You can learn more about Tim and his books at his website: www.blindoggbooks.com.

Author Jordan Elizabeth Hollack

Jordan Elizabeth is a New York small press author of Young Adult fiction. (See my reviews of Jordan’s books: Escape From Witchwood Hollow, Cogling, Victorian, The Goat Children, Path to Old Talbot, Kistishi Island, Treasure Darkly, Wicked Treasure, Runners & Riders)

One of her secrets for juggling her writing career and family is to set aside one hour a night just for writing. If she’s fortunate enough to set aside two hours, she uses the second hour for marketing. When asked: “What is one thing readers would never guess about you?” She replied: “I am terrified of costumed characters.  Think head-to-toe Mickey Mouse.  If I see one, I freak out.” 

I have reviewed Jordan’s work, both novels and short fiction since 2016, and I had the pleasure of interviewing her for both my 2016 Publishing series and for my 2017 Book Marketing series, and we started off the new year with another interview to talk about her latest book, Secrets of Bennett Hall. In fact, when asked to relate about the most fun interview she’d ever done, she replied, “Anything by you.  You always ask unusual questions that really get me thinking.” So thank you for that, Jordan. It pleases me to no end to have you join our “Ask the Authors” panel.

You can learn more about Jordan and her books at JordanElizabethBooks.com.

Margareth StewartMargareth Stewart is the pen name for Mônica Mastrantonio, debut author of Open/ Pierre’s Journey After War published by web-e-books.com. She has also compiled and published three international Anthologies featuring global authors: Whitmanthology, Womenthology, The Pain that Unites us All.

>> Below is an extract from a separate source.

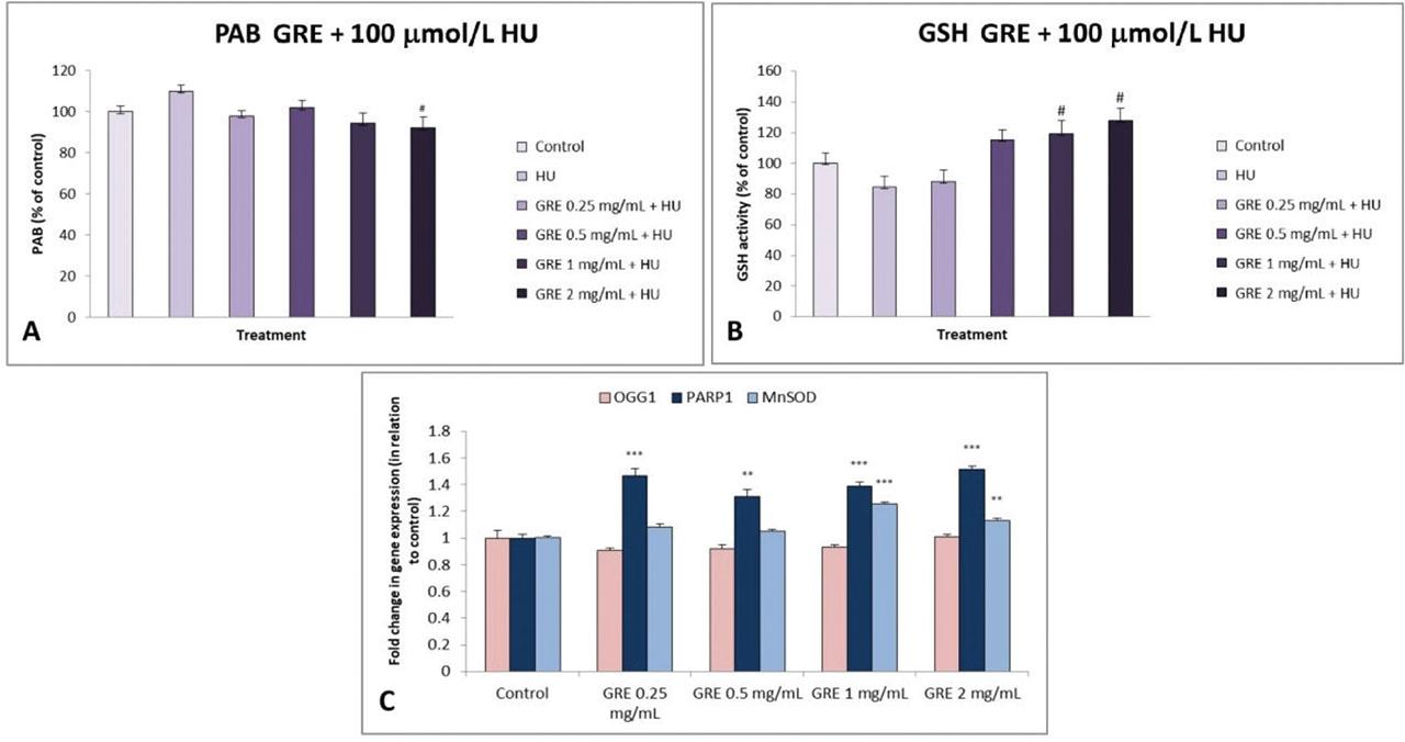 We also determined the pro-oxidant/anti-oxidant balance (PAB), GSH levels, and the expression of genes involved in DNA damage repair (OGG1 and PARP1) and antioxidant repair (MnSOD) to identify mechanisms by which GRE accomplishes genoprotective effect. Untreated cell cultures served as negative, and HU-alone-treated cultures as positive control.

She holds a PhD in Social Psychology, and she has been teaching and tutoring students over 22 years. This zen-mother of 3, loves life and her tattoos. She spends her time between Sao Paolo, Miami and writing residencies.

When asked about her favorite form of exercise: “Jogging – that´s kind of an obligation for me. As writers, we tend to sit for long hours, so every single day, I do try to keep that up and go out for a short run of 4 to 5 kilometers. If I have more time, I go round a park nearby and that makes 6 kilometers. I do recommend it – it keeps our mind sharp and our ideas bright.

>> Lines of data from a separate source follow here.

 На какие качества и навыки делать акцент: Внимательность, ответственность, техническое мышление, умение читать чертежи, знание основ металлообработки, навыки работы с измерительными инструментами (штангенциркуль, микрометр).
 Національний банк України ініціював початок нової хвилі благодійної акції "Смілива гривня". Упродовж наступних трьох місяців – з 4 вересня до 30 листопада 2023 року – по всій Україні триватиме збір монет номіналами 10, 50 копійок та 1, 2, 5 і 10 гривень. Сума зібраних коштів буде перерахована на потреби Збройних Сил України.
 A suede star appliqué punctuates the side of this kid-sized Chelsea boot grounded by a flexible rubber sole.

I only recently met Margareth through my interview with her, but I am happy to have Margareth as a panel member.

You can learn more about Margareth and her book on her Facebook page.

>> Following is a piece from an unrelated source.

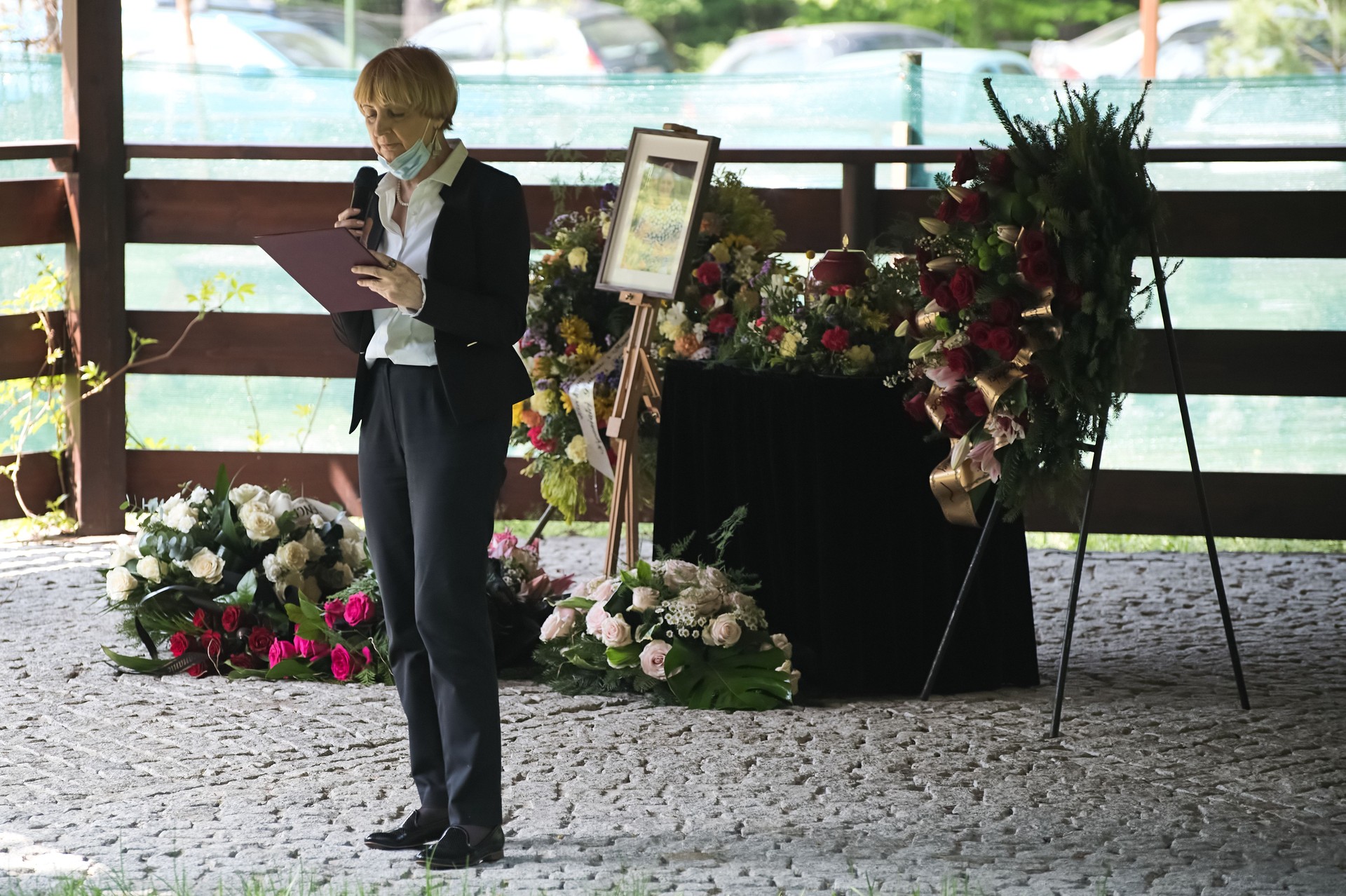 Odczytanie listu pożegnalnego Stowarzyszenia Bibliotekarzy Polskich przez kust. Jolantę Szewczak. Barbarka k. Torunia, 14 maja 2021 r. Fot. Tomasz Dorawa. Fotografia ze zbiorów Biblioteki Uniwersyteckiej w Toruniu

Chris DiBellaChris DiBella is currently an independent California author. (See my reviews of Chris’ books: The 5820 Diaries, Whispering Death, Blood Dawn) I say this because Chris has been all over. Originally from New England, he began writing his first novel while living in Hawaii. I reviewed his debut novel, Lost Voyage, back when he was a Colorado author and I was the Southern Colorado Literature Examiner, as well.

I met Chris through another author on this panel, Tim Baker, and it is apparently Tim who gave Chris the best piece of advice he’s ever received:

“I wrote a blog piece about how it’s okay to sometimes alienate your readers…to a point. One of the comments on it was from my friend Tim, who said this:

“If Stephen King or JK Rowling want to piss people off, they can afford it. You and me? We should be a little more careful. Just sayin’.”

And that was the roundabout way of giving me the best piece of advice I could’ve ever received. I immediately got on my laptop, opened up a blank Word document, and typed in big bold letters “BE BIGGER THAN STEPHEN KING & J.K. ROWLING”.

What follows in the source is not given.